19, Couldn’t the state have had access to the records without HIPAA? In other words was the purpose of HIPAA to restrict access or to give the government access?
If the patient was being transfered from one hospital to another there had to be a treating physcian and a recieving physcian who is aware of the patient’s condition, treatment and medication requirements so he can be recieved and cared for. That information is usually carried with the patient or faxed to the recieving physcian. You just don’t send patient’s willy nilly from hospital to hospital hoping some one will be there to care for him and that there is a bed available! Occasionally, because of bed shortages we go on “by pass”, we will not take any more patient’s even thought we are a level one trauma center. There is something fishy about the story…
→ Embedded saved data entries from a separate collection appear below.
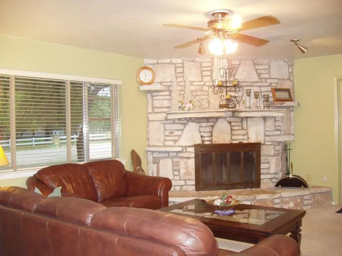 Charming native rock home offering an open floor plan with rock fire place in the living area. Saltillo tile in the dining area over looking the beautiful mature trees in the back yard. Large master bedroom with sitting area. Both bedrooms have walk in closets. Double attached garage with utility room in the garage. Decorative stone fence in front yard, concrete drive way large enough for an RV. Fenced garden area in back yard with work shop.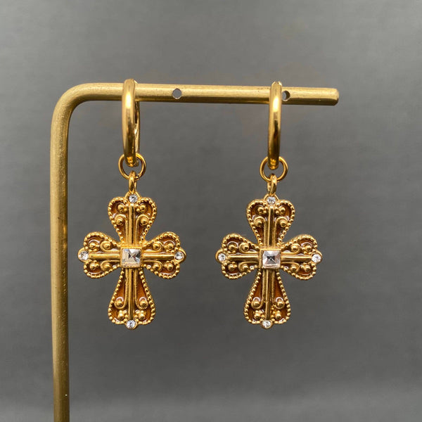 WP: Zircon inlaid Cross 18K Gold Plated SS Huggie Earrings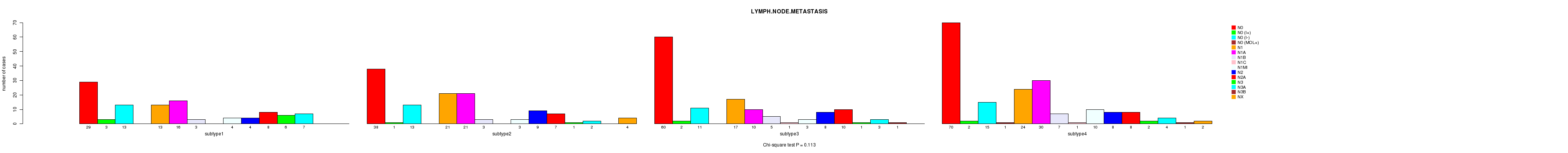 Figure S106. Get High-res Image Clustering Approach #12: 'MIRseq Mature cHierClus subtypes' versus Clinical Feature #7: 'LYMPH.NODE.METASTASIS'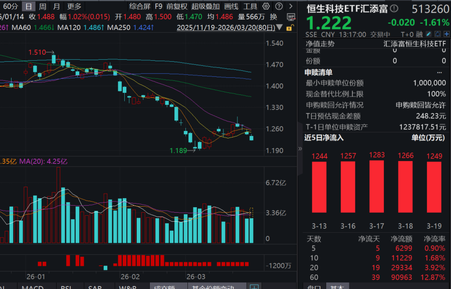 今日(3.20),港股科技板块回调,消息面上,全球地缘风波不断,阿里财报连续三个季度“增收不增利”。100%纯度的港股通科技ETF汇添富(520980)放量回调逾2%,盘中成交额已超4亿元!同类唯一15BP最低档管理费的恒生科技ETF汇添富(513260)亦跌超1.6%,资金连续“顶格”净申购,近20日累计净流入超2.9亿元!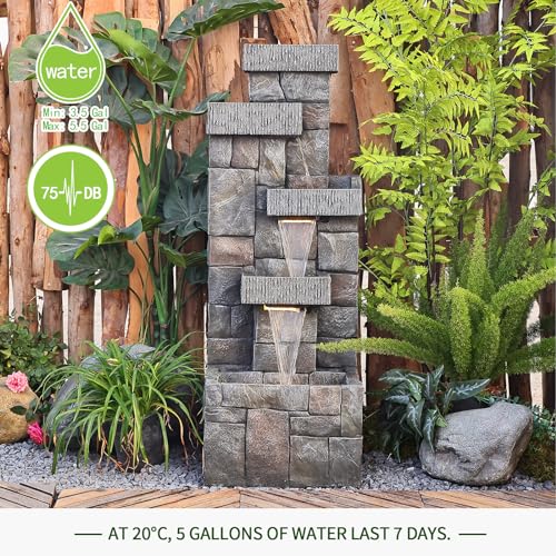 RELAXING WATER FLOWING; Water Cascading Down The Imitates The Sound of A Real Waterfall, Bring A Tranquil Ambience To Your Outdoor And Indoor Spaces, While The Soothing Sound of Water Helps Relieve Fatigue. Water Sound Up To 75 dB And Needs 3.5 Gallons To Make The Garden Fountains Outdoor Works.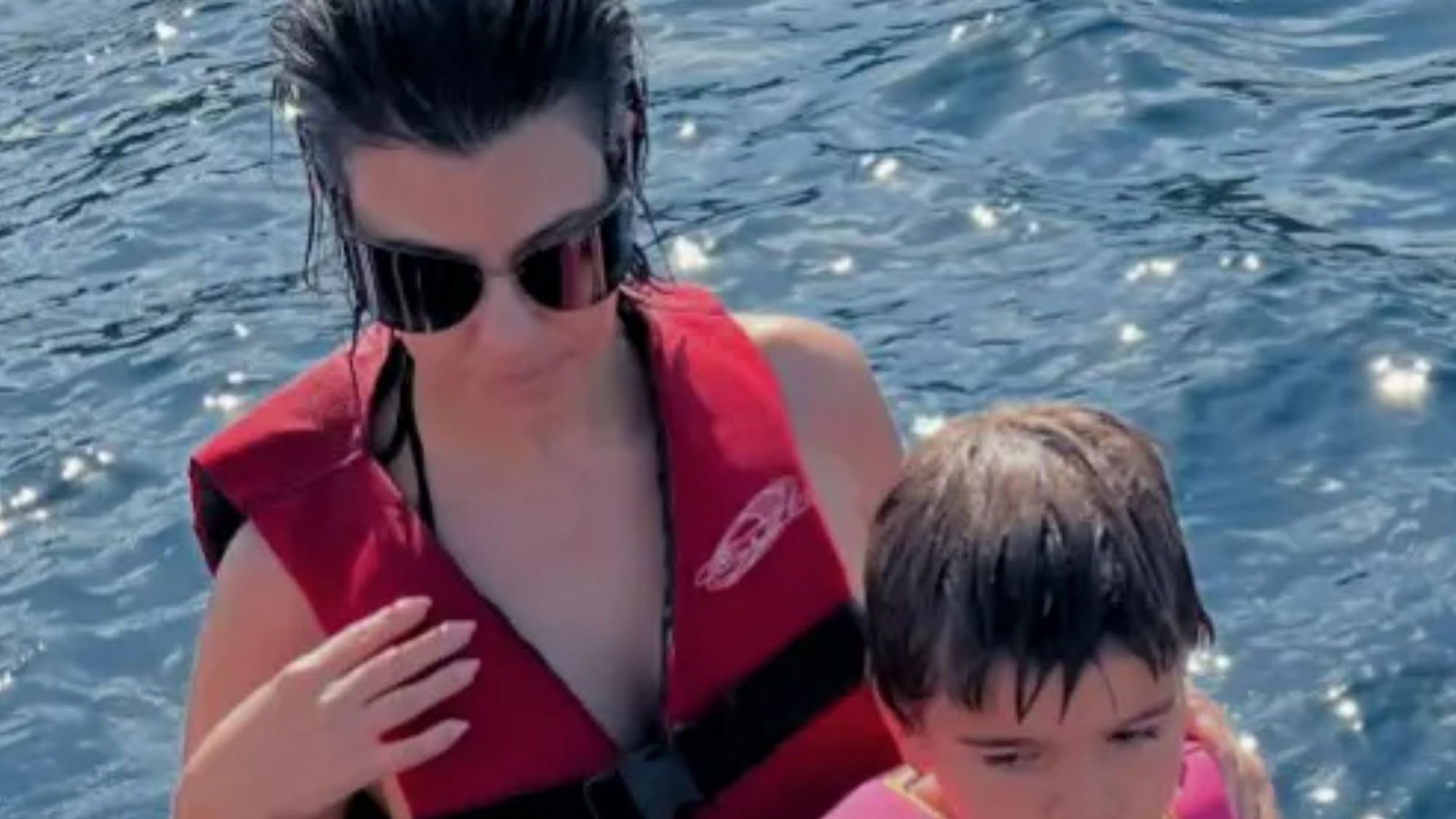 In a single clip Kourtney holds palms with Travis and Reign and takes a operating leap off the again of their yacht right into a lake.

Katherine (and all), YES I have a job. I’m back at Florida State University Libraries working with InterLibrary Loan. I started on September 4.
Pay is lower than I was making before, but the benefits are great — full family coverage for $180 a month, much lower than any place I’ve worked before.
Thanks to everyone for all the prayers.
Jim Elliott <><
That’s wonderful! Congratulations! (and yes, we have been praying).
Woohoo, Jim! Thanks for the update.
20, Br. Michael, You’re correct. We didn’t need HIPAA to gain acccess to records. We have always had access to medical records. HIPAA preserved our ability to do that. I was simply trying to answer your question– can the federal government have access to medical records under HIPAA? The answer is yes, at least under certain circumstances. But not because of HIPAA. The federal government and state governments have always been able to look at medical records (and lots of other records, too) in facilities that are state-licensed, federally certified for Medicare reimbursement, or both. They still can.